Читать книгу "Аукцион - Юлиан Семенов"
Шрифт:
Интервал:
Закладка:
Результатом проделанной работы (анализ архивов и расчет на ЭВМ) оказался индекс «УСГ-54179»; агент проживал в Парагвае, однако имел апартамент в Кордове; Герхард Шульц, землевладелец и компаньон директора фирмы по строительству шоссейных дорог; сейчас ведут трассу в непосредственной близости от земель Ростоу-Масаля; есть возможность нажать на сына князя, перерезав его водные коммуникации, что равносильно экономическому краху последнего.
...Человек — маленький винтик в огромном вселенском механизме; ни о чем не догадывавшийся сеньор Эухенио Ростоу-Масаль, он же Евгении Ростопчин, он же Женечка (для отца) и Шеня (для мамы), в то утро, как обычно, завтракал на огромной террасе, сложенной из старого мореного дерева; дом поставлен так, как это умели делать в горах над Цюрихом, — на века, но при этом легко и уютно.
Жена приучила его к испанскому завтраку: кофе со сливками и чулос — длинные хлебцы, поджаренные в оливковом масле; в Памплоне, во время Сан Фермина, после утренней эстафеты, когда разъяренные быки пронесутся из корраля на пласу де Торрос, весь город отправляется на площадь пить кофе с чулос; Мари-Исабель очень гордилась тем, что родилась именно в Памплоне, дочь басков, золотое руно, родство душ и языков с далекими грузинами, вот почему вышла замуж за русского!
— Ты сыт, милый?
— Не то слово! Настоящее большое обжорство.
— Боже, какой это страшный фильм — «Большое обжорство».
— Почему?

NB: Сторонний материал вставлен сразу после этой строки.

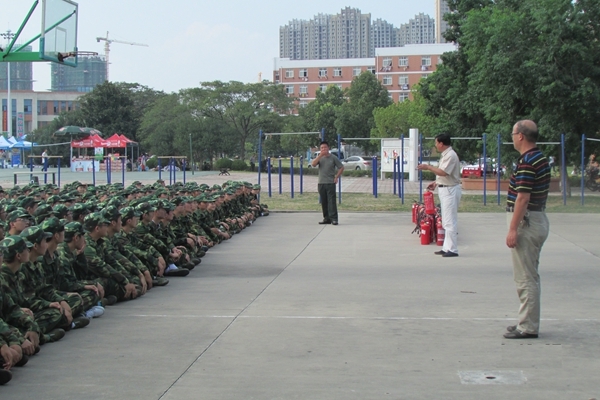 为进一步强化新生的消防安全意识,保卫处于9日下午15:00在新生军训场地开展了一场消防灭火演练活动,来自各二级学院的近百名新生直接参与了实地演习,参加军训的全体新生观摩了本次演习。
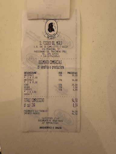 My husband and I were traveling from Assisi to San Casciano dei Bangni and because we had time, we chose a spot along Lake Trasimeno for lunch. We had the best meal since we have been in Italy! Our server Mauro, assisted us with understanding the menu and our choices were nothing but perfection! We were served complimentary champagne, a lovely croissant with a fish crème before our enteree. We typically don’t order the three courses and Mauro suggested the (in my English) the fish soup (many types of fish!!!) and I had the plate with shrimps on a towering skewer, prawn, a fish filet, octopus and crab. Amazing presentation! We also had a berry desert…..yum! We were given a tour of the lower level tasting room/dining room. What a treat to see all of the wines and liquors. The owner and my husband traded cigars and it was a lunch we will never forget. The establishment is a wealth of thought out design! Our accolades...
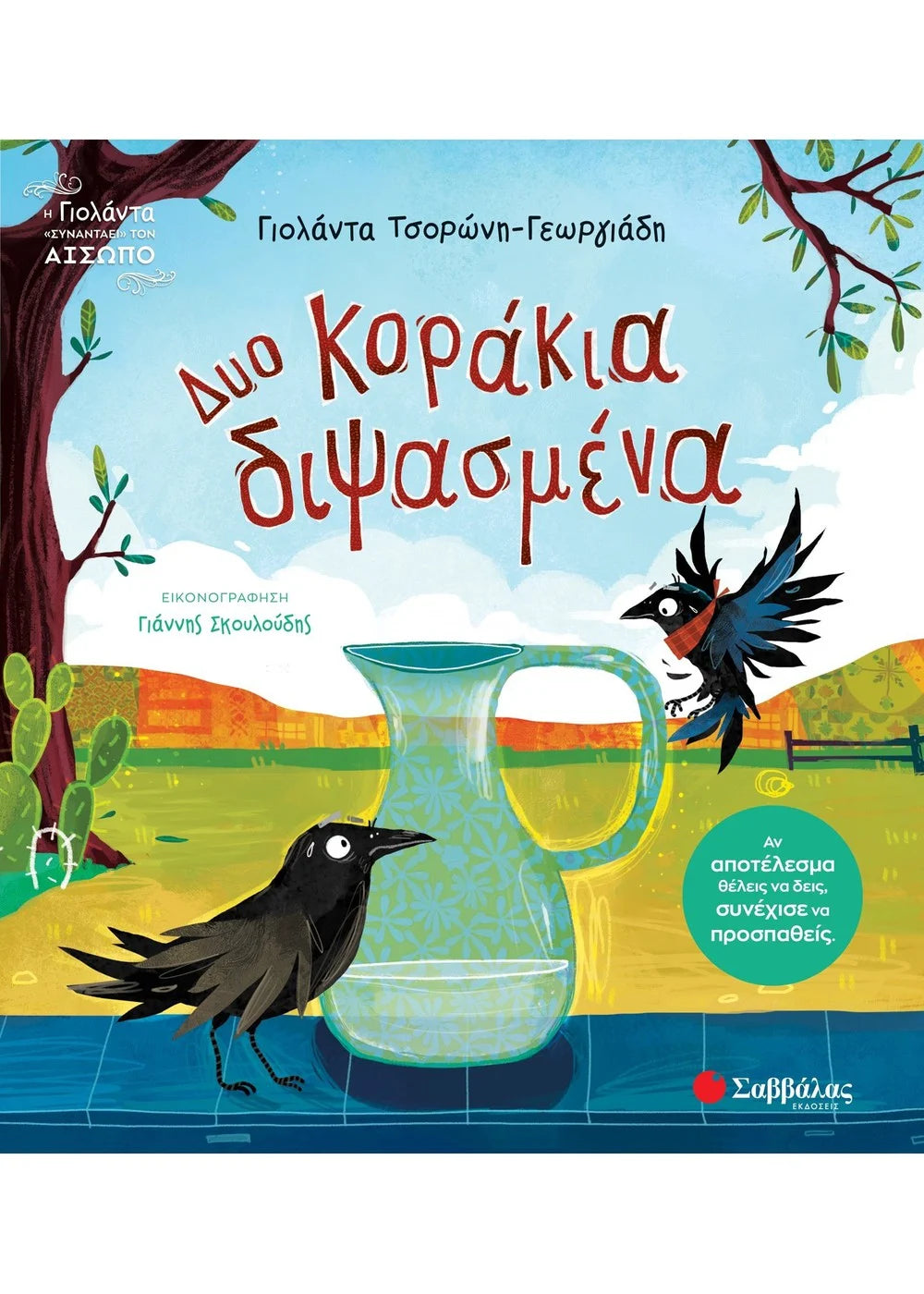 Ο μπαμπάς κόρακας και το μικρό του κορακάκι ταξιδεύουν πολλές ώρες και έχουν... κορακιάσει από τη δίψα. Κάποτε βρίσκουν μια κανάτα με λιγοστό νερό. Πώς όμως να πιουν με το κοντό τους ράμφος; Ο μπαμπάς, μετά από πολλή σκέψη, έχει μια καταπληκτική ιδέα! Οι πετρούλες, που βρίσκονται σκόρπιες γύρω τους, αυτές... αυτές θα τους ξεδιψάσουν! Πώς άραγε;

В некоторых частях он занятен, и потом в нем много секса.
Дети, мальчик и девочка, — три года и шесть лет, — плескались в бассейне; Мари-Исабель попросила сделать два бассейна: большой — взрослым, маленький — детям; Эухенио поманил пальцем жену, та склонилась к нему; он шепнул:
— Я очень тебя хочу...
— Я тоже очень хочу тебя...
— Пошли?
В это как раз время и позвонил сеньор Эрхардо Шульц; говорил рубяще: в картах путаница, вам продали земли, которые за два года перед тем отошли нашей фирме, очень сожалею; решение местных властей принято в мою пользу; нет, я не общество благотворительности; нет, я не отказываюсь от встречи, напротив, я настаиваю на ней; компромисс возможен, почему нет, что-то около пятидесяти тысяч долларов; нет, аванс невозможен, нет, в местной валюте платы мы не принимаем, все расчеты идут через банк в Манхаттене; деньги надо внести в течение недели, дело есть дело, у меня будут стоять рабочие, платить неустойку из-за путаницы в ваших документах я не намерен; хорошо, сегодня в шесть, в Кордове, юридическая контора «Мазичи и Эчавериа», это в центре.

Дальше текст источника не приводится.